Panduan Baru Hipertensi: Latihan Kombinasi dan HIIT Terbukti Efektif Pangkas Tekanan Darah 24 Jam
Baca dalam 60 detik
- Analisis BJSM membuktikan latihan kombinasi memangkas tekanan sistolik tertinggi hingga 6,18 mm Hg dalam kurun waktu 24 jam.
- HIIT menjadi metode paling efisien untuk keterbatasan waktu karena menurunkan tekanan diastolik terbesar (4,64 mm Hg).
- Latihan aerobik kontinu tetap direkomendasikan sebagai fondasi utama karena memiliki bukti klinis paling presisi dalam meningkatkan fungsi endotel pembuluh darah.

Sebuah analisis gabungan (pooled analysis) terbaru yang diterbitkan dalam British Journal of Sports Medicine membawa perspektif baru dalam manajemen klinis hipertensi. Studi ini menegaskan bahwa penggunaan alat ukur Ambulatory Blood Pressure Monitoring (ABPM) selama 24 jam membuktikan bahwa latihan kombinasi (aerobik + beban) serta latihan interval intensitas tinggi (HIIT) mampu menurunkan tekanan darah secara signifikan, baik di waktu siang maupun malam hari.
Metodologi dan Basis Data Penelitian:
- Sumber Data: Para peneliti meninjau ulang 31 uji klinis acak terkontrol (Randomized Controlled Trials) yang dipublikasikan antara November 2024 hingga Agustus 2025, melibatkan lebih dari 1.345 partisipan dengan 67 jenis intervensi olahraga berbeda selama minimal 4 minggu.
- Metode ABPM: Pengukuran menggunakan perekam tekanan darah otomatis 24 jam saat pasien beraktivitas dan tidur, yang dianggap oleh para profesional medis sebagai metode standar emas (gold standard) untuk diagnosis dan evaluasi hipertensi dibandingkan tensi manual di klinik.
Komparasi Efektivitas Penurunan Tekanan Darah Berdasarkan Jenis Olahraga
Penelitian ini memetakan dampak fisiologis yang berbeda dari setiap modalitas olahraga terhadap tekanan darah sistolik (angka atas) dan diastolik (angka bawah).
| Jenis Latihan Olahraga | Rata-rata Penurunan Sistolik (Target <120 mm Hg) | Rata-rata Penurunan Diastolik (Target <80 mm Hg) |
|---|---|---|
| Latihan Kombinasi (Combined Training) |
Turun 6,18 mm Hg (Tertinggi) | Turun 3,94 mm Hg |
| HIIT (High Intensity Interval) |
Turun 5,71 mm Hg | Turun 4,64 mm Hg (Tertinggi) |
| Aerobik Kontinu (Jalan Cepat, Lari, Sepeda) |
Turun 4,73 mm Hg | Turun 2,76 mm Hg |
| Pilates | - | Turun 4,18 mm Hg |
"Latihan kombinasi sangat bermanfaat karena menyatukan mekanisme fisiologis dari latihan aerobik dan resistensi secara bersamaan. Sementara aerobik bekerja menurunkan resistensi pembuluh darah sistemik melalui vasodilatasi (pelebaran pembuluh darah) yang berkelanjutan, latihan beban bekerja menjaga kekuatan otot guna mencegah penurunan fungsi tubuh akibat penuaan," jelas Prof. Rodrigo Ferrari, PhD dari Federal University of Rio Grande do Sul, Brasil.

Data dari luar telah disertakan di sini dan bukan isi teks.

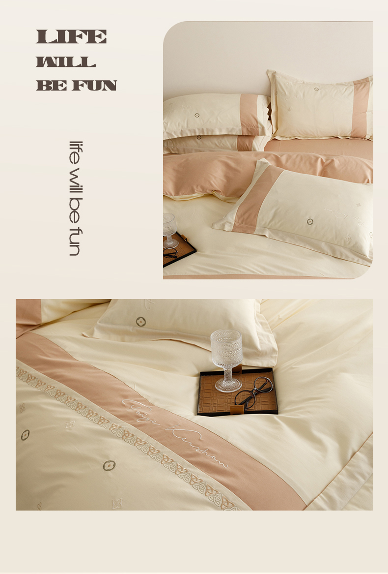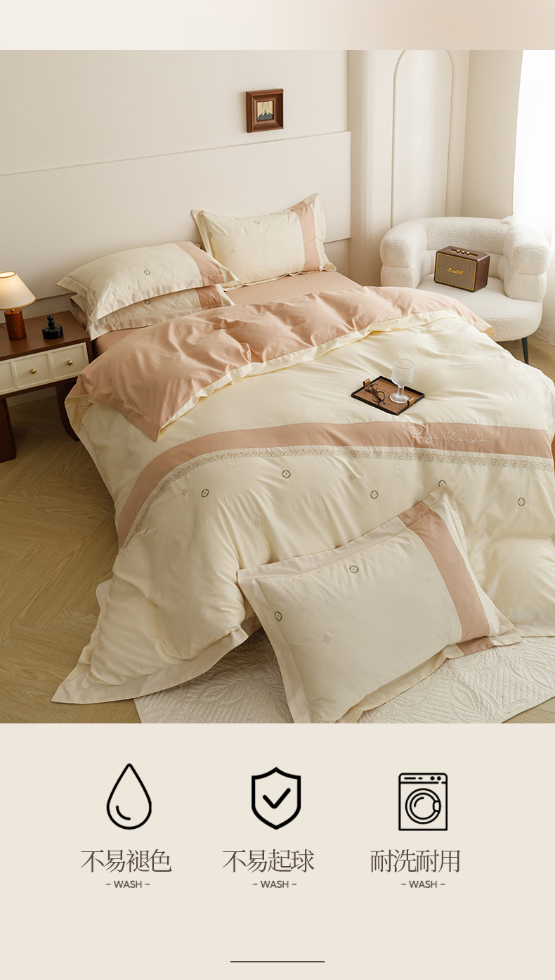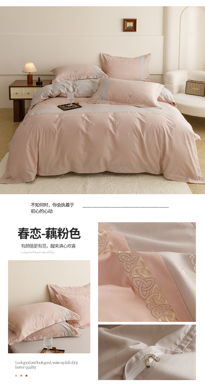 商品名称:(总)艾莱家纺 2024新款A类全棉长绒棉加厚刺绣+宽边+撞色拼接四件套--春恋系列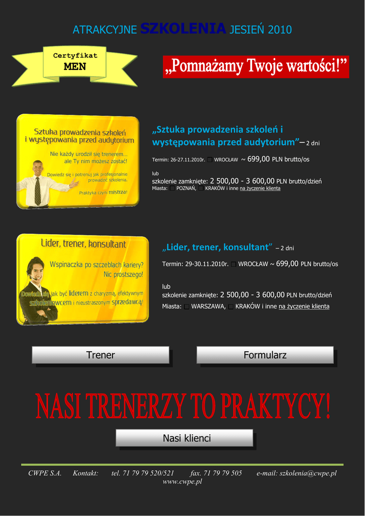 ATRAKCYJNE SZKOLENIA JESIEŃ 2010

Analisis Fisiologis & Keunggulan Alternatif bagi Pasien
Hasil studi ini memberikan beberapa catatan klinis penting mengenai efisiensi waktu dan mekanisme adaptasi pembuluh darah:
- Solusi Keterbatasan Waktu lewat HIIT: Prof. Ferrari menyebut HIIT sebagai alternatif yang sangat realistis bagi individu yang sibuk, karena mampu memangkas tekanan sistolik dan diastolik 24 jam dengan durasi latihan yang jauh lebih pendek dibandingkan olahraga tradisional.
- Kelemahan Latihan Beban Murni: Latihan angkat beban murni berpotensi meningkatkan kekakuan arteri secara temporer karena tingginya tekanan sirkulasi saat mengangkat beban berat. Oleh karena itu, latihan beban harus diposisikan sebagai pelengkap, bukan lini pertama pengobatan hipertensi.
- Konsistensi dan Variasi: Untuk menghindari kebosanan dan meningkatkan kepatuhan pasien dalam jangka panjang, olahraga variatif seperti olahraga rekreasi (sepak bola, tenis pantai) atau pilates kini dapat direkomendasikan sebagai alternatif perluasan dari fondasi olahraga aerobik utama.